Although I also manage a virtualization-based product, I'm with Google on this one as I don't believe that virtualization is the answer. I think it's a necessary evil. Operating Systems *as we know them today* must die. They are a landfill of leftover junk from a 35+ year operating systems feature arms race. Cloud Computing started in the 60s and the minicomputer took us on a 35-year detour (albeit a necessary detour), that we are only now returning from.
We don't need more processor power. Instead we need more parallelization and more applications that move the instructions to the data, instead of trying to bring the data to the instructions. That's why I think that Google has the right idea with AppEngine. That's why we have MapReduce/Hadoop.
Anyone that is working with the cloud should familiarize themselves with the Von Neumann Bottleneck (http://www.stanford.edu/class/cs242/readings/back... and understand that CPU cycles nowadays are effectively free. The only exception I see are HPC applications that are calculation intensive, but these are the exception, not the rule.
I wouldn't even go as far as to say that the 70s are archeology as another poster mentioned. A lot of the problems we encounter today were solved in the 60s and 70s, but we've forgotten those lessons learned. That John Backus article I linked to is from 1977.
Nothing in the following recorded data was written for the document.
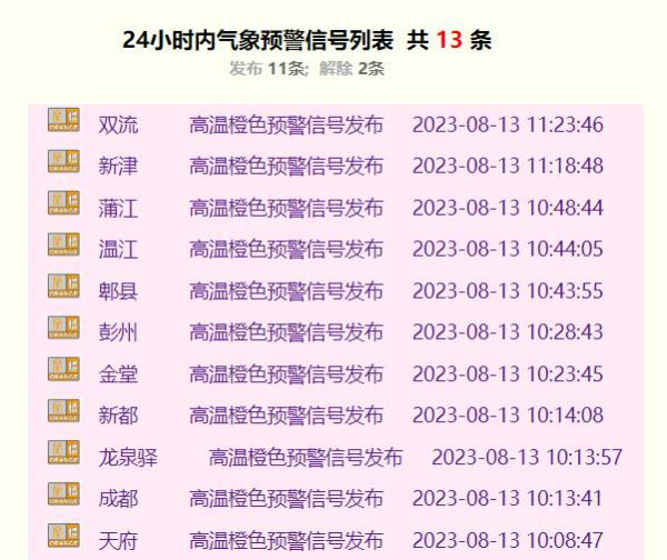 成都市氣象臺2023年08月13日10時00分發(fā)布高溫橙色預(yù)警信號:預(yù)計成都市錦江區(qū)、青羊區(qū)、金牛區(qū)、武侯區(qū)、成華區(qū)、青白江區(qū)、高新西區(qū)、東部新區(qū)、高新南區(qū)的所有鎮(zhèn)(街道)未來24小時內(nèi)最高氣溫將升至35℃以上。高溫時段主要出現(xiàn)在13日13時至18時。請注意防范高溫帶來的不利影響。
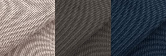 このシリーズに使用されている「倉敷帆布」は、100年以上の歴史を誇る岡山県倉敷市で織られた国産帆布。旧式のシャトル織機でゆっくりと織り上げられることで生まれる、不均一な“むら”が独特の風合いを生み出しています。職人の経験と感覚によって織られる帆布は、大量生産では味わえない唯一無二の素材です。
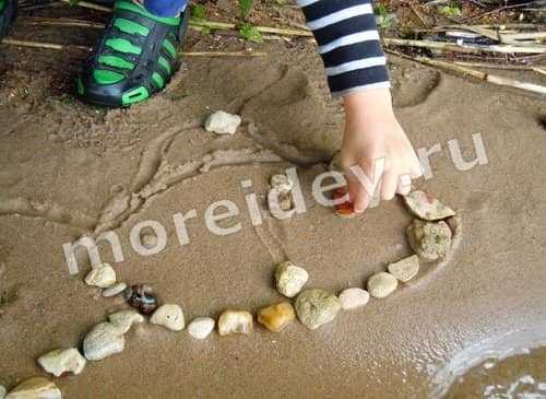 Можно предложить еще на отдыхе прямо на песке малышу составить из камней картинку. Первый раз можно его направить и помочь. Разыскать недостающий элемент, подать несложную идею. Но сделанную на песке картинку нельзя унести с собой и показать близким и друзьям.
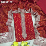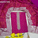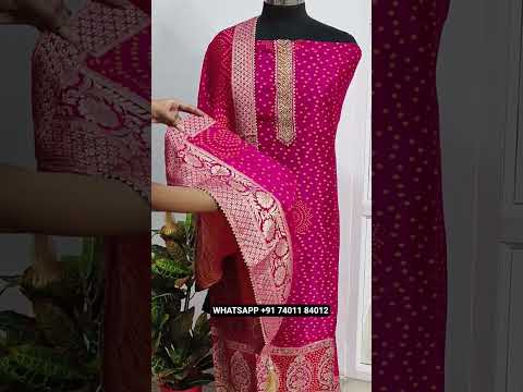 Bright pink designer pure dola silk unstitched salwar material, heavy work on yoke, thread weaving all over, rich daman(lining needed)matching santoon bottom, bandhini woven design full length dupatta with zari borders. CODE AG251103
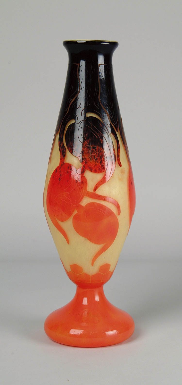 LE VERRE FRANCAIS CAMEO VASE. Acid cut stylized orange fruit shading to indigo leaves on yellow mottled background. Signed on foot “LE VERRE FRANCAIS”. SIZE: 15 3/4″ tall. CONDITION: Very good to excellent. 5-67925 (2,500-3,500)

We also need more functional languages designed for parallelization and we need to start teaching teaching CS students them so that they stop using "word-at-a-time" approaches to solving problems.
One of the biggest problems with virtualization is that we are permitting OS systems to persist. The OS was designed to own the hardware and manage the hardware. Does't the hypervisor do that as well? Why do we need two pieces of software to manage memory? When the OS starts up, it automatically assumes it owns all the memory given to it and other than some awkward workarounds, there is no way to take that memory back and make it available to other programs in other VMs. If Eiji Toyoda investigated how IaaS clouds work today, he would certainly use to Japanese word "muda" (waste) to describe what we are doing.
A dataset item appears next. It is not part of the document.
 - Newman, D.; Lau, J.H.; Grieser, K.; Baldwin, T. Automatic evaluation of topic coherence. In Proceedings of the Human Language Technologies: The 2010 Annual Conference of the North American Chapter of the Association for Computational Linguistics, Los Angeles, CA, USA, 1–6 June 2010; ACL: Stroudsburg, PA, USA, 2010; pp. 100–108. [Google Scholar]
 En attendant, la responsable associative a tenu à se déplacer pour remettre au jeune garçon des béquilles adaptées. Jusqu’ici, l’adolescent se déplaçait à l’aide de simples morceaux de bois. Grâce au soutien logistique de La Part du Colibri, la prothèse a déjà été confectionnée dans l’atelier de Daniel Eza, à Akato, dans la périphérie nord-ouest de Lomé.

The OS today, is nothing more than a very expensive runtime, and it is virtualization that is promoting the persistence of this waste. Market demand is the reason we have virtualization. Virtualization doesn't exist because it's the best technical solution.
Everyone working in the cloud needs to understanding that "all this amazing architectural work" being done to get the most performance are simply workarounds to a CS bottleneck that has been with us for over 50 years.
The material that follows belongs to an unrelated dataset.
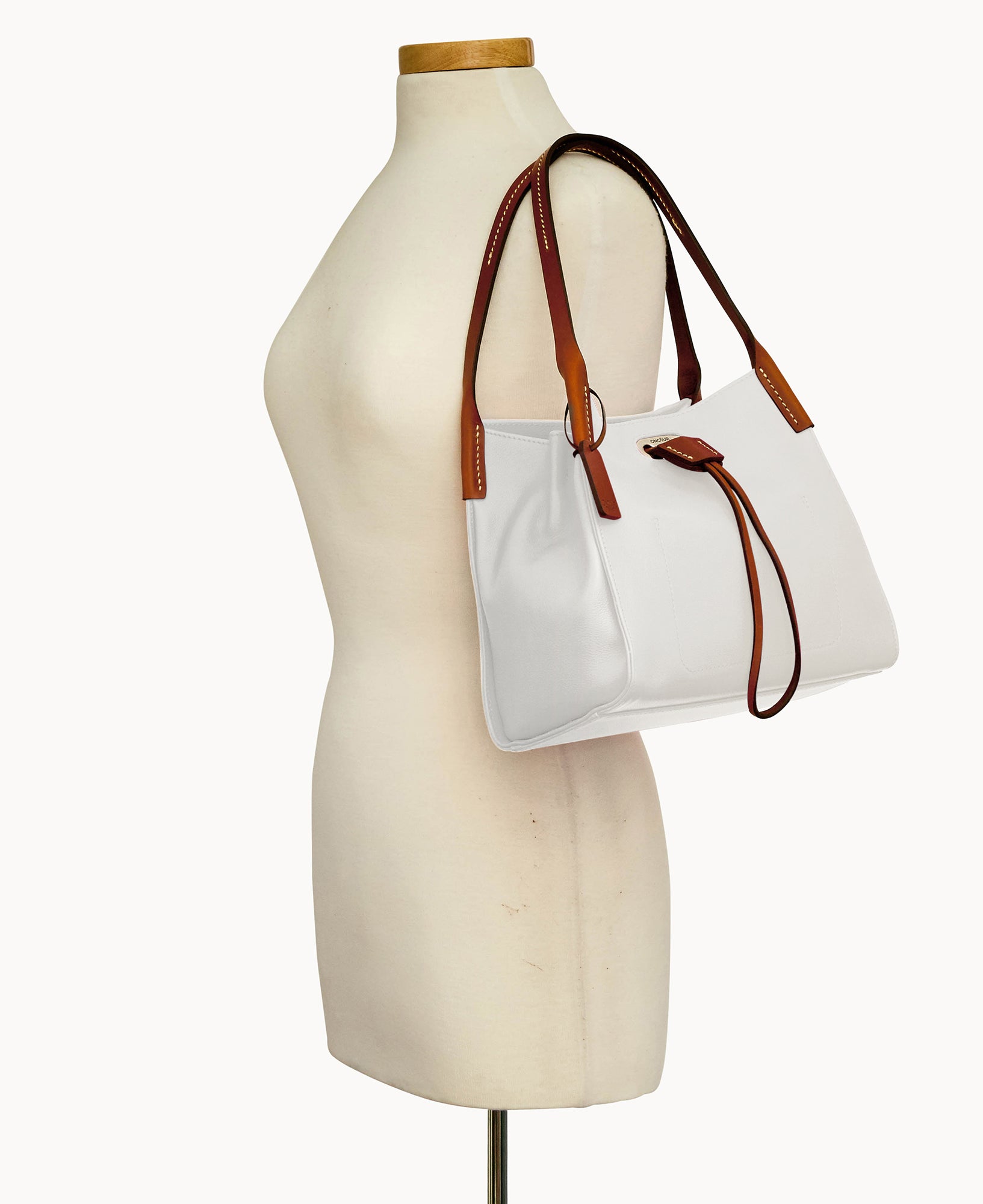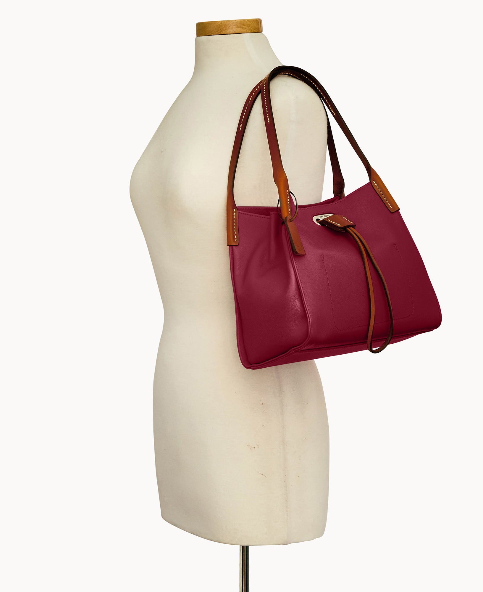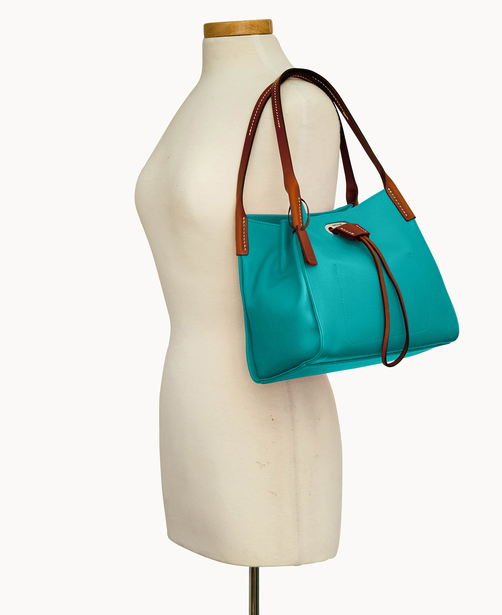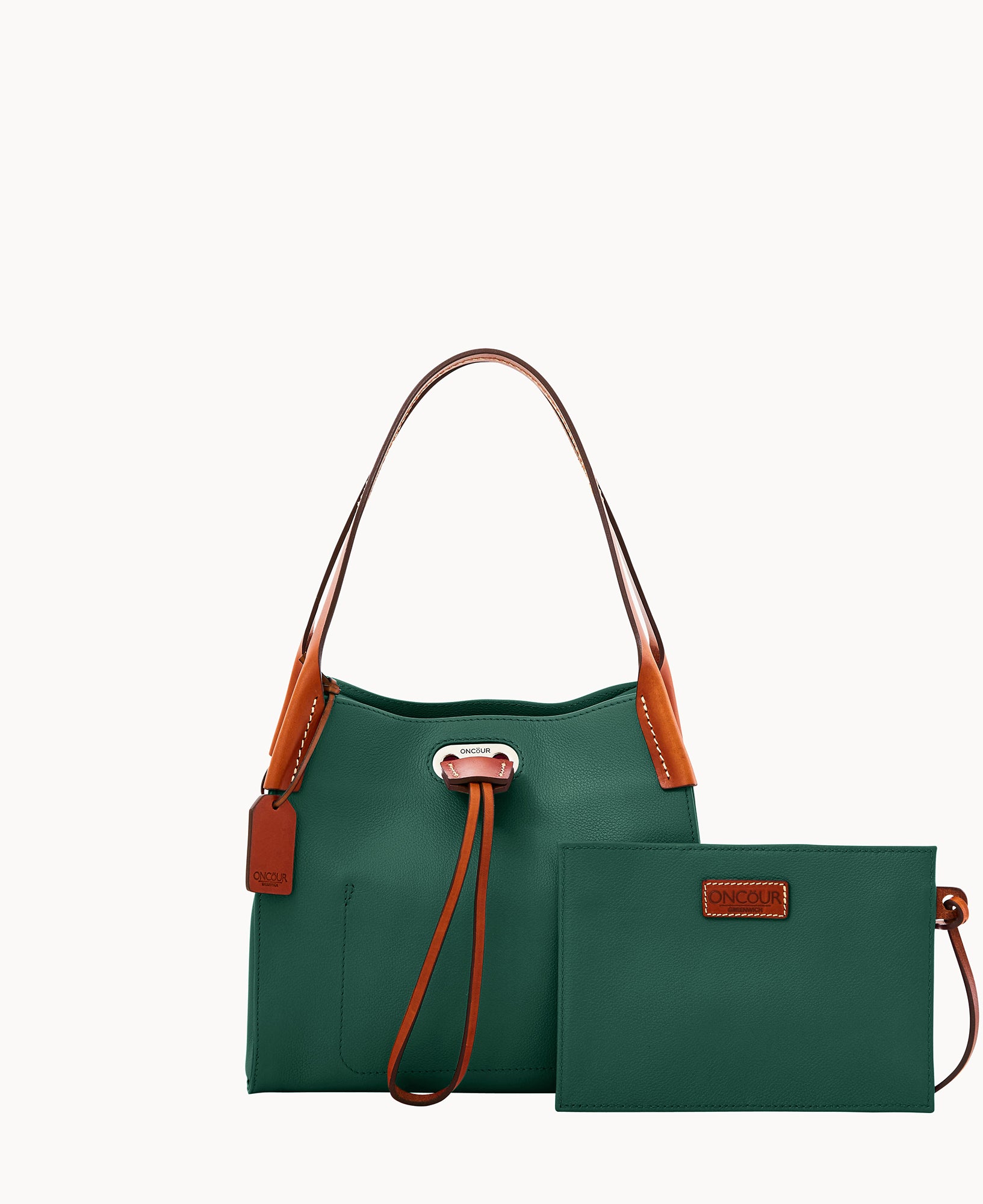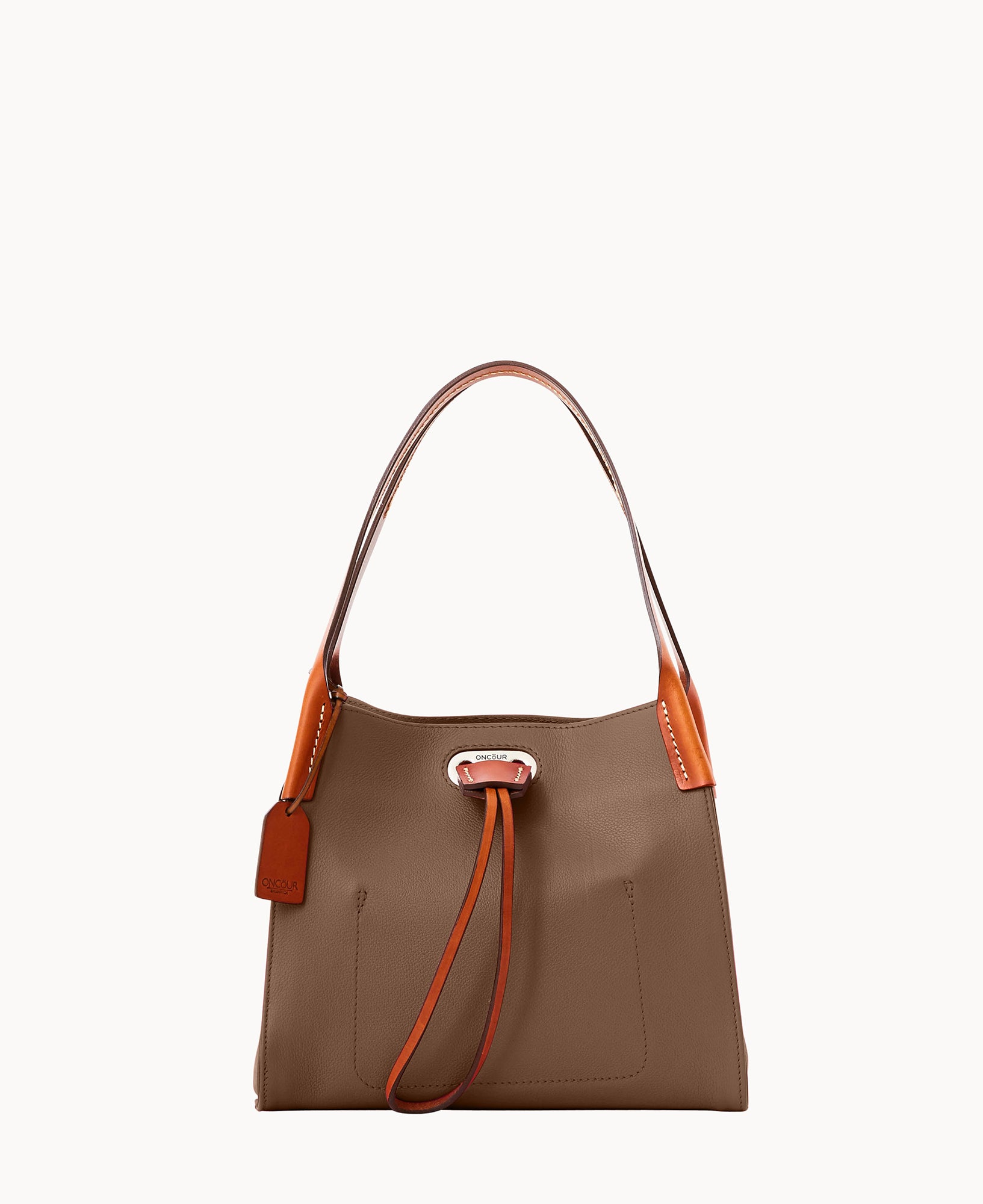 Two inside pockets. Inside key hook. Strap drop length 5″. Drawstring closure.

Well I think your sentiments can be characterized sort of as "if we only wrote everything in LISP and Haskell and ran it on a mainframe, we'd be in better shape". True, but sort of beside the point. As Joyce wrote, "History is a nightmare from which I am trying to awake". But in the real world, history has given us a stock of human and physical capital that represents the slow and lately, more rapid accumulation of knowledge and energy. In software, it means that whatever solution we move to, has to leverage the last 35 years of software investment that companies have in-house doing useful work. For many pieces of software — there is no source code, or it's proprietary binaries with a defunct provider or the code is so impenetrable that no-one can figure it out. Virtualization is a lowest common denominator solution that can put even the worst piece of historical software garbage into a nice container with management dials and levers with guaranteed isolation enforced by hardware. That's why it works, but yes, it ain't pretty.